The Ocean in the Sap Bucket
While I was collecting sap on Friday, this section from Neil Gaiman's The Ocean at the End of the Lane came to mind. The sap was absolutely beautiful, with a greenish-blue hue the color of the ocean (the picture below doesn’t quite capture it, but you get the idea). And, in staring into it, I got this sense of calm and wisdom, not necessarily my own, but contained by the sap, a collective calm and wisdom of the trees perhaps.
I’ve never thought of sap as the ocean until carrying those buckets of sap. And, I highly doubt Gaiman was thinking of maple sap when he was writing this, but the parallels between what he wrote and my experience with the sap are unmistakable. Here are a few relevant excerpts:
“When Lettie arrive, the real Lettie, this time, she was carrying a bucket of water.
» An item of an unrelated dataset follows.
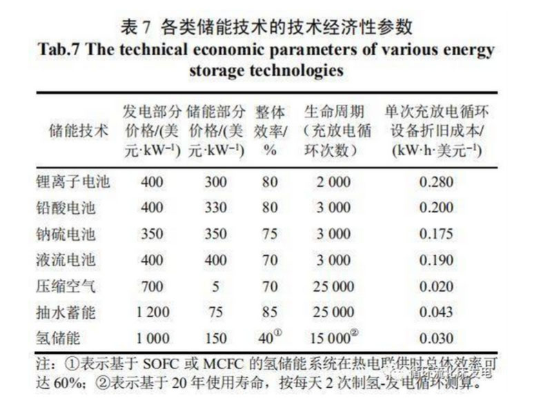 氫儲能相較于其他儲能方式的劣勢在于能源轉(zhuǎn)化效率低、成本高。美國Sandia國家實驗室在2015年發(fā)布了關(guān)于儲能技術(shù)經(jīng)濟(jì)性分析的報告,總結(jié)了各種已商業(yè)化的儲能技術(shù)的價格、效率及使用壽命,見表7。目前常用電化學(xué)電池的效率為70%~80%,而氫儲能系統(tǒng)即便在考慮熱電聯(lián)供的條件下效率也僅有40%左右。

It must have been heavy judging from the way she carried it …
‘Sorry,’ she said. ‘That took longer than I expected. It didn’t want to cooperate, neither, and in the end it took me and Gran to do it, and she did most of the heavy lifting …
‘What?’ I asked. ‘What are you talking about?’
She put the metal bucket down on the grass beside me without spilling a drop. ‘The ocean,’ she said. ‘It didn’t want to go. It gave Gran such a struggle that she said she was going to have to go and have a lie-down afterwards. But we still got it into the bucket in the end.’
The water in the bucket was glowing, emitting a greenish-blue light. I could see Lettie’s face by it. I could see the waves and ripples on the surface of the water, watch them crest and splash against the side of the bucket.
‘I don’t understand.’
‘I couldn’t get you to the ocean,’ she said, ‘But there was nothing stopping me bringing the ocean to you.’ …
‘Now,’ she said, ‘you step into the bucket.’ …
The second thing I thought was that I knew everything. Lettie Hempstock's ocean flowed inside me, and it filled the entire universe, from Egg to Rose. I knew that. I knew what Egg was - where the universe began, to the sound of uncreated voices singing in the void - and I know where Rose was - the peculiar crinkling of space on space into dimensions that fold like origami and blossom like strange orchids, and which would mark the last good time before the eventual end of everything and the next Big Bang, which would be, I knew now, nothing of the kind. ...
I saw the world I had walked since my birth and I understood how fragile it was, that the reality I knew was a thin layer of icing on a great dark birthday cake writhing with grubs and nightmares and hunger. I saw the world from above and below. I saw that there were patterns and gates and paths beyond the real. I saw all these things and understood them and they filled me, just as the waters of the ocean filled me."